### [TASK DESCRIPTION]
Below are records with pictures in them. Transcribe everything from the line containing "But Iyer held" down to the line containing "Goshen / Gering-Ft", exactly, and leave the pictures behind.

### [ENTRIES PROVIDED]
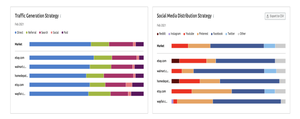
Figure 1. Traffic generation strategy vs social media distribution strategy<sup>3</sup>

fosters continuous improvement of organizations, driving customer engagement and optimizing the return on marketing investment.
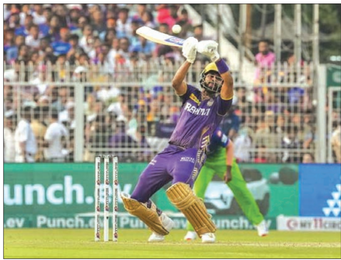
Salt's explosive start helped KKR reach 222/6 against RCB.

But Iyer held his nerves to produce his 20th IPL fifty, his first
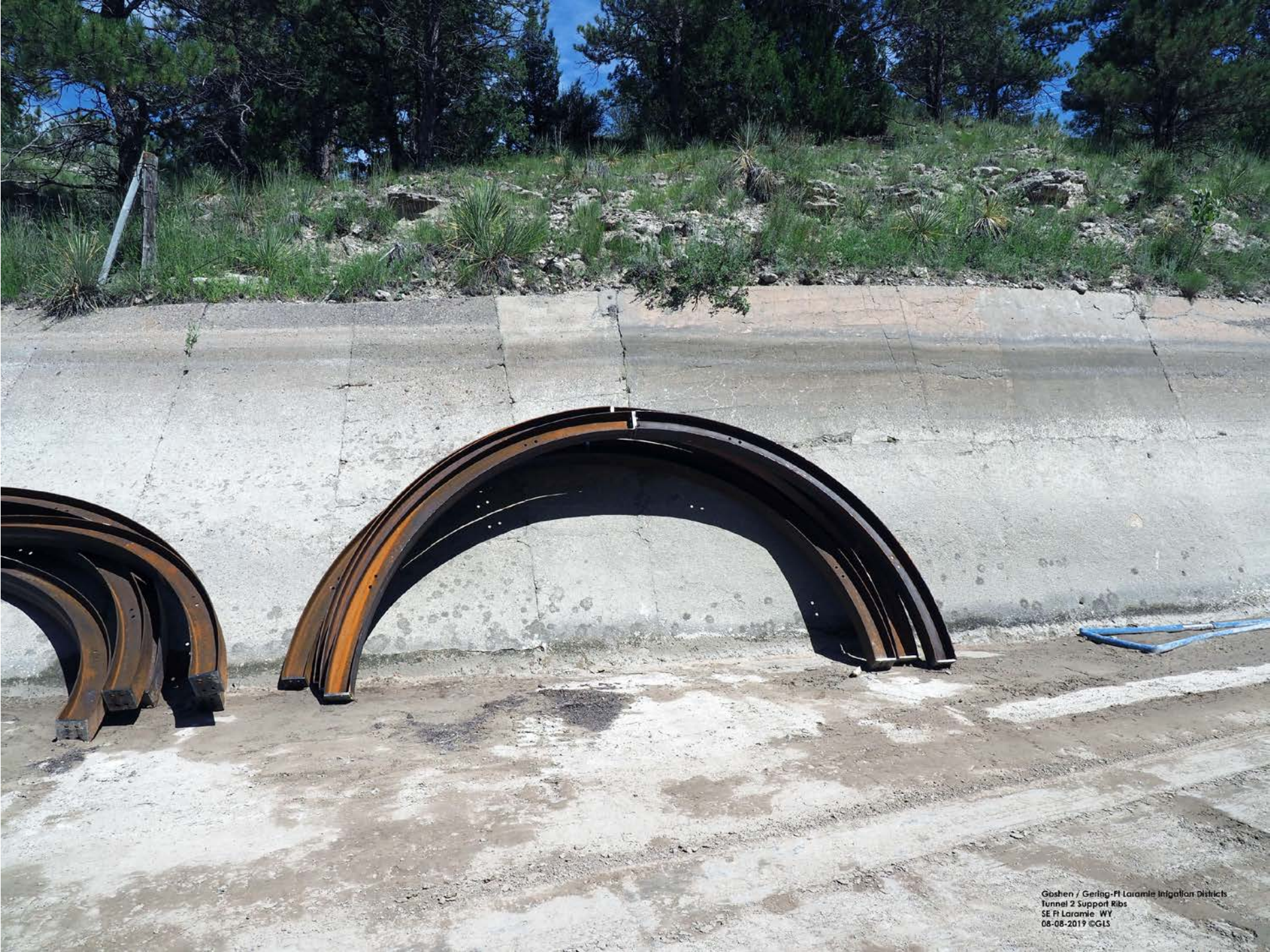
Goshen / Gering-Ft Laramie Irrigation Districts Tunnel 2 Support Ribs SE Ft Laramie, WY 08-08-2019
--
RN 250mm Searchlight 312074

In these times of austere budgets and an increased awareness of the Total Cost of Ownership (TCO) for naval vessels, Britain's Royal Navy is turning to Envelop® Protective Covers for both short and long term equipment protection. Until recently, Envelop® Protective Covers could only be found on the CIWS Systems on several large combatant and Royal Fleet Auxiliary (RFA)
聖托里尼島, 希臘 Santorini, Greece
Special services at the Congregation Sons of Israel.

### [EXERCISE ANSWER]
But Iyer held his nerves to produce his 20th IPL fifty, his first
Goshen / Gering-Ft Laramie Irrigation Districts Tunnel 2 Support Ribs SE Ft Laramie, WY 08-08-2019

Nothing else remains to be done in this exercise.